Welcome to the forum, by the way.


----------



## nyp165

Hmm good to know. Sadly don't have any dogs yet. One of these days when I actually have some space. Thanks for the info.


----------



## nyp165

UPDATE: Just talked to the BLM office in St. George (435-688-3200) and they have special pig hunting packet that they are emailing me. Details where they spend most of their time apparently. They also said there are about 100 pigs in the area. It seems the population might be growing then. From what I see online, 1-2 years ago they were saying 40-50 pigs.


----------



## colorcountrygunner

I always thought about going down and hunting them when I was living in Cedar City. I never got around to it though. I had the same packet you are talking about mailed to me. One of the posters on this forum from St. George has seen them before. As has been said, if you don't have dogs I would expect it to be a tough hunt. It's a fairly small number of pigs roaming around a very large area.


----------



## Spotnstalk

A pig population almost certainly grew. They get hard to hunt when they are pressured and very smart animals.
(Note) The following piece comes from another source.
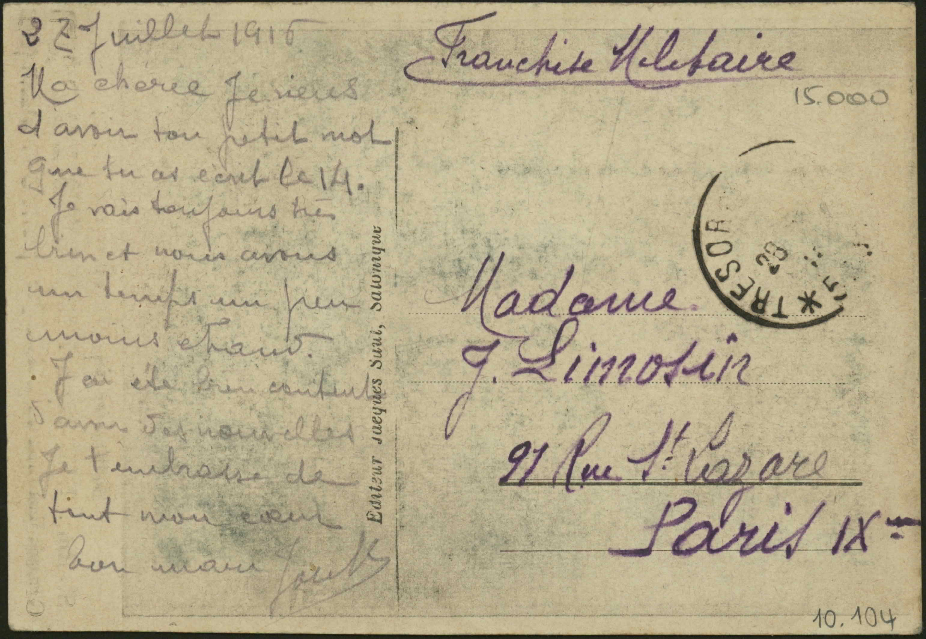 Picture of Chief Rabbi of Salonica Jacob Meir, written by Jacob to his wife Simotin, in Paris, July 27th, 1916.

They say you have to eliminate 75% of the population to keep it from growing. Once they are there they are most likely there to stay


----------



## nyp165

Hmm thanks for the info. Sadly I don't have any dogs yet. I might still go give it a try. Even if I don't come across any hogs at least I would a good time tromping around a part of the country I have never seen. 

Any tips to improve the chances of a dogless hog hunt in the Arizona Strip?


----------



## mikevanwilder

Find water, get a scatter gun and get in the thick and nasty. That's where they hang out most days. 
I know High Top Outfitters has a few guys that will run dogs down there for you if that is a way you want to go.


----------



## ThaCrabapple

Find water. From water find recent sign. Bait recent sign.

Big pigs are still out there.


----------